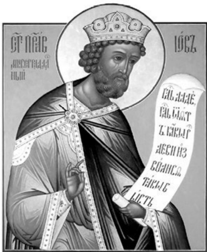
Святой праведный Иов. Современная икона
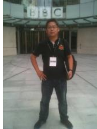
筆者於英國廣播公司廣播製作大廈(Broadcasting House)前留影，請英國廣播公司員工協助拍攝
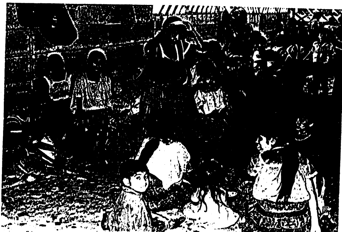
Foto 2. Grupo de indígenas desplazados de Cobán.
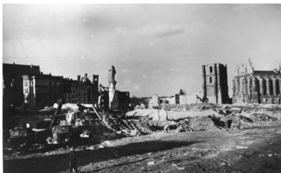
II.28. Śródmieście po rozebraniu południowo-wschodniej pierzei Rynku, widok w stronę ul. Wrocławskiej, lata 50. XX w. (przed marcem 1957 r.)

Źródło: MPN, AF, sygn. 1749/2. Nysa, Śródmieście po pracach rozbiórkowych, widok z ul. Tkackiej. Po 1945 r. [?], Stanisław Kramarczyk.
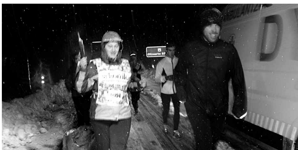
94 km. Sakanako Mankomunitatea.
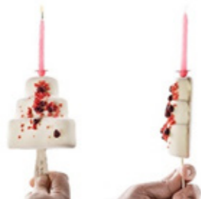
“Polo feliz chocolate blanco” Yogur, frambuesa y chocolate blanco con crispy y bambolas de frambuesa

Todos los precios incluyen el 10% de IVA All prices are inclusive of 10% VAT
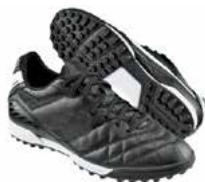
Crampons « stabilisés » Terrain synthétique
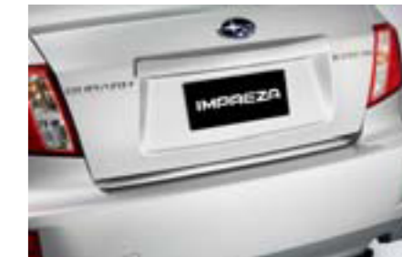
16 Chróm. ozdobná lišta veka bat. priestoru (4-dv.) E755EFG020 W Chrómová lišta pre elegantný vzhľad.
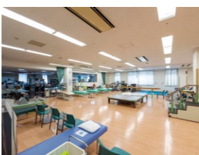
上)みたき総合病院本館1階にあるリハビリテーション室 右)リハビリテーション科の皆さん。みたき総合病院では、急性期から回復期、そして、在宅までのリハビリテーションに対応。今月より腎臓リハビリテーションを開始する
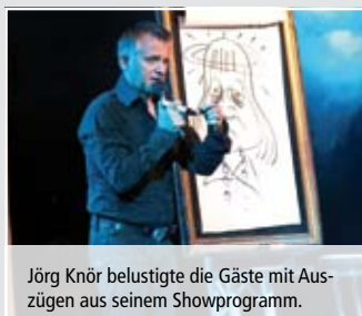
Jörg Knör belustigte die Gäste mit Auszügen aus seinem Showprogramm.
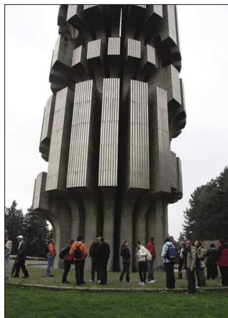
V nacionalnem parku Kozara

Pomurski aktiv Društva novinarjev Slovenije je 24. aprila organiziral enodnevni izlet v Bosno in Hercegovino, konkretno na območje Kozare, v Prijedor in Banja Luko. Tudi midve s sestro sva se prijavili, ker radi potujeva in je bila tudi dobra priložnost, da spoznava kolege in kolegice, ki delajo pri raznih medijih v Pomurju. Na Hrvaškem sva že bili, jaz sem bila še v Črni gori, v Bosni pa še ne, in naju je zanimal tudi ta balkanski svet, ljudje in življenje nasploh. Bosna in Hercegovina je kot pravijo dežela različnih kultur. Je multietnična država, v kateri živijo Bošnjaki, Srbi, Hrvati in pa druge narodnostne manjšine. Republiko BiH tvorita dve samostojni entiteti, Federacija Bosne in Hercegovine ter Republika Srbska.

================

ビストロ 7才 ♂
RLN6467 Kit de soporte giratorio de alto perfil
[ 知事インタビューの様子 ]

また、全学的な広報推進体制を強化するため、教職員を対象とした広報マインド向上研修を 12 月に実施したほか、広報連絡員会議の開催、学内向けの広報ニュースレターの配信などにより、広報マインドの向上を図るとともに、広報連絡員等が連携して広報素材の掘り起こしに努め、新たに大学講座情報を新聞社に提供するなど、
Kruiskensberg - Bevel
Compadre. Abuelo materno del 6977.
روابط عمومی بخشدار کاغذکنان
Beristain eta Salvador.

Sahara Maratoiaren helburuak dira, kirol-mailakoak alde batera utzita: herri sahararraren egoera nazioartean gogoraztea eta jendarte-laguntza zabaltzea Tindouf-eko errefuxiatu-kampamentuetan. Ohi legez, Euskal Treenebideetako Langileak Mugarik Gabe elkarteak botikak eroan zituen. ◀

================

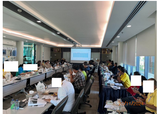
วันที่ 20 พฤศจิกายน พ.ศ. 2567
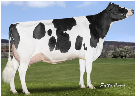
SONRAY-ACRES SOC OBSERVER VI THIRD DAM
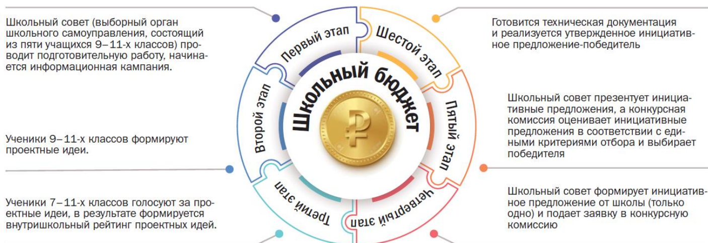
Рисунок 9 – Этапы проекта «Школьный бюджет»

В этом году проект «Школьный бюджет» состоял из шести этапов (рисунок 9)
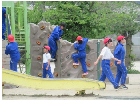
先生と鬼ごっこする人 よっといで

================

*About this exercise*
Each line of the data that contains "бюджет" belongs in the answer.

*Solution for this task*
Рисунок 9 – Этапы проекта «Школьный бюджет»
В этом году проект «Школьный бюджет» состоял из шести этапов (рисунок 9)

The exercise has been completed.